Species-specific length variation within the central domain of the CENP-B protein may enable the resulting dimer to “reach” binding sites within alpha-satellite DNA that are uniquely positioned within each species. Emergence of the CENP-B box within alpha-satellite DNA 15–25 Ma in the primate lineage (
Haaf et al. 1995) has been followed by continued evolution of the frequency and organization of CENP-B boxes within centromeric regions (
Schueler et al. 2001,
2005). Recent coevolution of CENP-B and CENP-C (or other kinetochore proteins) may account for improved artificial chromosome formation by alpha-satellite DNA that contains CENP-B boxes versus that which lacks them (
Harrington et al. 1997;
Ikeno et al. 1998;
Masumoto et al. 1998;
Ohzeki et al. 2002). Although CENP-B does not appear to be necessary (
Hudson et al. 1998;
Kapoor et al. 1998;
Perez-Castro et al. 1998) or sufficient (
Sullivan and Schwartz 1995;
Sullivan and Willard 1998) for centromere activation, it may have recently evolved an important role in current centromere function. CENP-B-binding sites may represent the most recent efforts of “selfish centromeric DNA” to gain genetic control. In the ongoing conflict between genetic and epigenetic control of centromere function (
Dawe and Henikoff 2006), kinetochore proteins may continuously be evolving to compensate for improved centromere function via the emergence of new CENP-B-binding sites within centromeric DNA.
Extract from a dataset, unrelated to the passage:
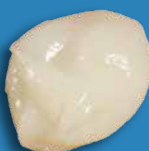
F2 STRUCTURAL ADHESIVE FILLER

In summary, our comparative genomic studies provide new insights relevant to the evolution of primate centromeres and the epigenetic mechanisms controlling chromosome transmission. The latter involves a complex cellular choreography, with centromeric DNA and the kinetochore proteins that associate with it being central elements. Studying the evolution of these elements continues to reveal many interesting species- and lineage-specific findings. Further understanding the basis for these evolutionary changes may provide valuable clues about centromere function and, perhaps, speciation.